Serie: Drei Jubiläumsausstellungen: 150 Jahre Gustav Klimt in Wien, Teil 6
Claudia Schulmerich
Wien (Weltexpresso) – Auf der linken Seite steht Pallas Athene, die ihren Speer mit der ausgetreckten Linken fast bis zur Bogenmitte reckt. Bevor wir uns ihr zuwenden, wollen wir erst rechts von der Ägypterin, zwischen den beiden Säulen die Ägyptische Kunst II betrachten, wo es schon weitaus ägyptischer zugeht und ein Sarkophag abgebildet ist und eine Isisstattuete. Weiter nach rechts dann folgen ein Mann, der Humanismus und Spätgotik/Renaissancemalerei verkörpert u.a..
Wir genießen das außerordentlich, hier oben zu stehen und in völliger Ruhe diese Klimts anschauen zu können und gehen zurück zur Pallas Athene, sehen oben links über Ägypten 1 die charakteristische Signatur von Gustav Klimt mit eigenen Augen – was man natürlich - wie die Figuren selbst - von unten niemals sehen könnte. Der Analogie und Symmetrie zur ägyptischen Schönen geschuldet, mußte auch Pallas Athene hier als eine Ganzfigur dargestellt werden, wie in der Regel auch in den griechisch/römischen Skulpturen. Sie trägt ein rotes fließendes Gewand, das in der typischen Manier der griechischen Vasenmalerei zweifach um die Taille gerafft ist, vor allem aber um Schultern und Brust den hier goldenen Schuppenpanzer, die Ägis zeigt.

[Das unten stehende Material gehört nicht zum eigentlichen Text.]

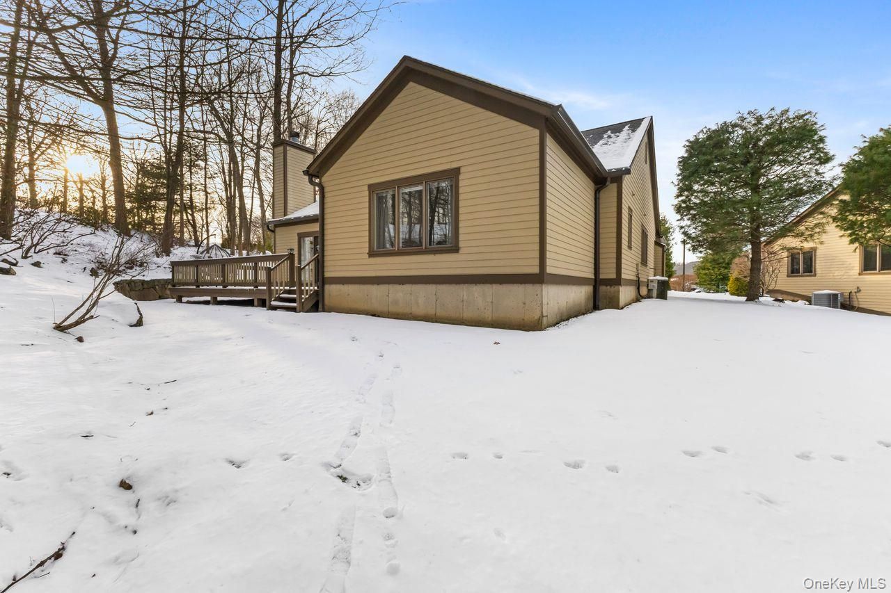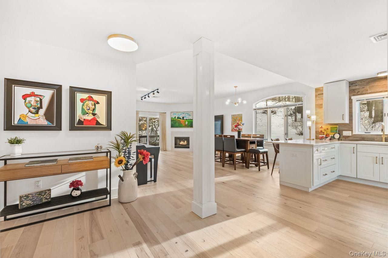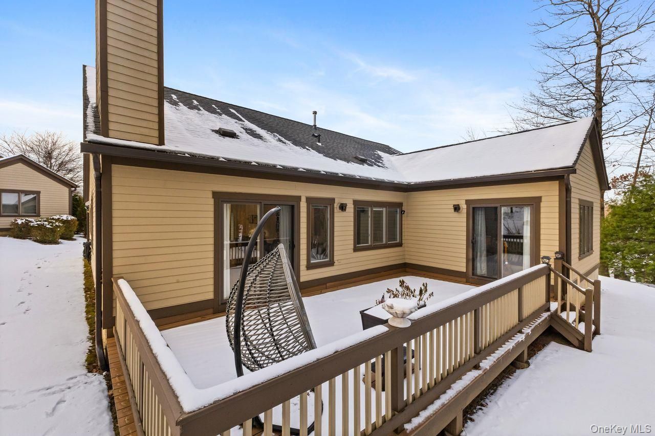 Luxurious one-level living on a cul-de-sac in Northern Westchester. Elegant, renovated free-standing modified Harvard—one of the most desirable models in Heritage Hills—offering 1,663 sq ft, 2 bedrooms, 2 full baths, plus a den, an attached two-car garage, and gas heat. This residence presents a rare opportunity for discerning buyers seeking a pristine, renovated home with sophisticated finishes. Remodeled in 2023, features include Hickory engineered hardwood flooring throughout, six-panel doors with new gold hardware, a wood-burning fireplace with marble surround, and a renovated open-concept kitchen with island, soft-close cabinetry, quartz countertops, and new stainless steel appliances. The modified floor plan is refreshing, bright, and sun-filled. Additional highlights include all-new light fixtures, new window treatments, and smooth ceilings—no popcorn. The attached two-car garage includes a full wall of closets for expansive storage. A large, newly enhanced deck with sliders from both the primary bedroom and living room provides a tranquil outdoor oasis for enjoying the lush woodlands and adjacent golf course. Ample closet space, a pull-down attic, and a dedicated laundry area complete this desirable no-step unit. Heritage Hills is known for its exceptional lifestyle—whether you’re seeking resort-style amenities or a stress-free home base, this community delivers. Residents enjoy multiple pools and tennis courts, bocce and pickleball courts, golf (private membership), playgrounds, an activity and fitness center, and 24-hour security. The activity center offers numerous clubs and organizations catering to a wide range of interests. Perfectly located in the heart of Somers, close to I-684, shopping, dining, and Metro-North. Less than a one-hour drive from Manhattan, Heritage Hills offers peaceful surroundings with convenient access to cultural and recreational opportunities. The community also provides shuttle service to Metro-North and local shopping. Tired of shoveling snow or maintaining your lawn? Maintenance includes landscaping and snow removal right to your front door. Condo 20. HOA: $648.49/month; Society: $224.68/month; Veolia sewer and water approximately $80/month. One-time Society fee of $1,500 required. Exterior renovations completed Fall 2022 include new roof, gutters, and exterior painting. This move-in-ready condo offers a wonderful opportunity to enjoy the beautifully landscaped setting and all that Heritage Hills has to offer.

Athene ist ja in dieser Funktion die Göttin des Krieges, des Kampfes, auch wenn das Medusenhaupt nur klein wie ein Medaillon, wie ein Schmuckstück um den Hals wirkt. Die Pallas Athene muß den Kriegshelm tragen, der hier allerdings dezent und weiblich als goldene Kappe mit dem goldenen Schild hinter ihr zur Decke hin verschmilzt, während man sehr deutlich die braunen Haare wie Schlangen beidseitig der Brust fast bis auf die Taille fallen sieht. Wichtig ist die kleine Nike in ihrer Rechten, die sie ins Treppenhaus reckt. Die nackte Siegesgöttin werden wir an anderer Stelle wiederfinden, beispielsweise auch in dem im Wien-Museum ausgestellten Gemälde Pallas Athene als kleine nackte weibliche Gestalt – Nuda Veritas - , die die Göttin uns entgegenstreckt, während ihre Linke auf dem Speer ruht.
Übrigens beruft sich der Katalog auf Seite 26 darauf, daß die auffallende Beliebtheit antiker Themen in der Wiener Kunst mit Wien und einem hiesigen Gelehrten zu tun habe, was sich nicht nur auf Sigmund Freud zum Beispiel oder Hugo von Hofmannsthal – und in der Folge dann auf etliche Straussopern - ausgewirkt habe. Dort heißt es „Allein schon daraus mag erklärbar sein, daß Gustav Klimt als Logo der Wiener Secession den – behelmten- Kopf der Pallas Athene gewählt hat, welches Motiv dann in den Publikationen der Künstlervereinigung häufig Verwendung fand…“ Diese Sichtweise finden wir zu wienbezogen. Denn die Göttin Athena war in ihren mehrfachen Funktionen immer auch Göttin der Weisheit und Göttin der Kunst. Aus diesem Grunde hatte sie die Münchner Sezession schon 1892 zum Abbild erkoren. Daß Wien folgte, wäre logisch und nicht unbedingt „wienerisch“. Was Klimt dann aber mit der Nike als Nuda Veritas machte, das ist rein klimtisch!
P.S. Auf den interessanten Zusammenhang des Bildnisses Krönung Mariä von da Fabriano und der angewandten Ornamentik, von der Klimt seine dekorative Malerei entwickelt habe, was Thema der abgelaufenen Ausstellung und des Kataloges ist, können wir hier nicht eingehen.
Die Klimt-Brücke im Stiegenhaus steht bis Januar 2013.
Zur Klimt-Ausstellung bis Mai hatte das Kunsthistorische Museum einen Katalog herausgegeben, in dem auch einige Ausführungen zu den 13 Klimtbildern zu finden sind:
Gustav Klimt. Im Kunsthistorischen Museum, hrsg. Von Sabine Haag, KHM 2012
Auf alle anderen der 13 Klimtfiguren müssen wir hier verzichten. Selber schauen. Die Brücke bleibt bis in den Januar 2013 stehen!